From my outside vantage lab grown meat looks like it has all the complexity of a meat substitute combined with the complexity of a hugely scaled up biomedical process. I suspect the first half of this equation alone — turning soy, corn and other raw materials into the feedstock for lab-grown meat — will cost at least as much as it does when used to produce an Impossible Burger. And the second half of the equation will require significant breakthroughs to function at scale, to say nothing of cost.

The notional savings of lab grown meat come in the form of reduced input costs. It is more efficient to convert amino acids straight into beef cells, rather than having a cow do it. Put another way, a cow has to eat a lot more soybeans (not that a cow should ever be eating any soybeans!) to make one gram of beef than taking those same soybeans and using them to feed beef cells growing in a petri dish.

But Impossible and Beyond should already be realizing these savings; indeed, Impossible meat substitute is mostly soybean. Yet both are still far more expensive than conventional beef, to say nothing of cheaper proteins like factory farmed chicken. It’s true they are in a small niche that isn’t nearly as mature as industrial animal agriculture. If they get bigger or if newer competitors come on the market, costs will come down. I wouldn’t be surprised to see a really good meat substitute achieve cost parity with conventional meat in the coming decade.

What I don’t see is how lab grown meat will get there. I’m not going to lay out all the math here, but I’ve looked into what it costs to take barley to beer, milk to cheese, milk to yogurt, flour to bread, cabbage to sauerkraut, and in every case the processing is a much larger share of the cost than the inputs. You could argue that the same is true of livestock, that they “process” corn and soy into meat, which is fair, so far as it goes. My point is that these inputs are really, really cheap, so a less input efficient process, like using a cow or a chicken to make meat, can make economic sense if it costs a lot less to run than the more input efficient process like using food science to turn soy protein in fake beef. 

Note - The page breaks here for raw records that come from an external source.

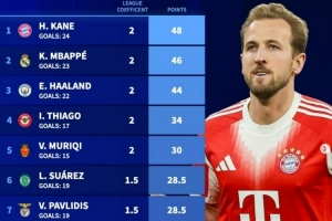 本赛季目前欧洲金靴奖积分榜:凯恩居首,姆巴佩次席、哈兰德第三
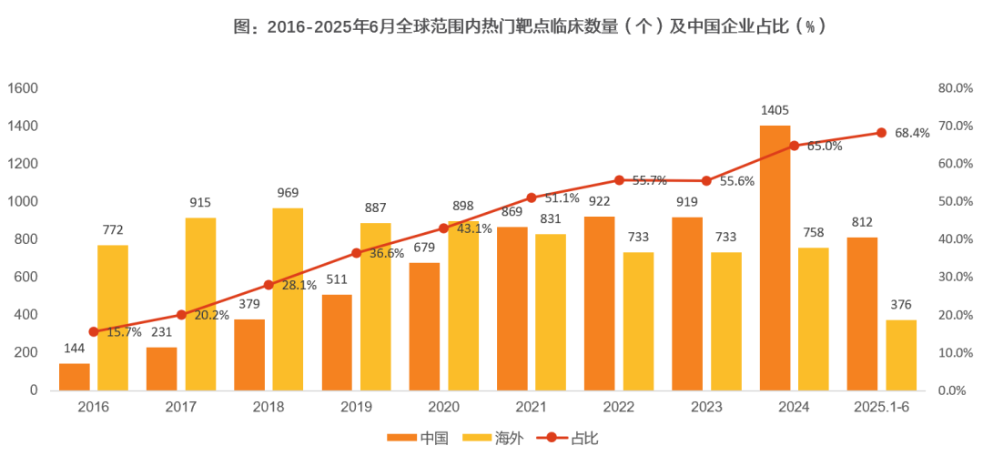 数量突破:中国企业自研创新药数量已位居第一;热门靶点管线中国占比已超过一半,截至2025年6月已突破60%。
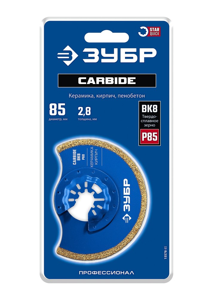 ЗУБР CARBIDE ВК8 Р40, 85x2.8 мм полотно дисковое с твердосплавной крошкой: керамика, кирпич, пенобетон, StarQuick (15578-85)
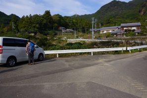 ●この遠征2日目の山行きは、和歌山県の新宮市にある笠丸山に向かうこととなった。この山は前回の遠征で市北部の相賀集落から登頂を目指したが、道中で道に迷い断念した経緯があったので、今回は「分県登山ガイド 和歌山県の山」に紹介のある市南部のJR紀伊佐野駅から塩見峠を経由するルートでの山行きとなる。なお、本に紹介のあったルートは、JR紀伊佐野駅から長く車道の舗装道を歩くこととなっていたので、行程の時間短縮のため那智勝浦新宮道路の橋梁下まで車を走らせ、ここの路肩に駐車し山頂を目指す。

I’ve been seeing more and more people claim that it’s fine if it takes fifteen or twenty years to work out a method to efficiently produce lab-grown meat, or that we need an Apollo Program for lab-grown meat, or that even if there’s only a 1% chance of lab-grown meat working out, the upside is worth it. Meanwhile, I’ve gone from expecting lab-grown meat to hit store shelves (and maybe put me out of business) to believing it will simply never arrive. 

If you are in the first group, and you want to convince me that lab-grown meat is anything but an expensive boondoggle, show me the cost estimates you are using for each step of production and for each of your inputs.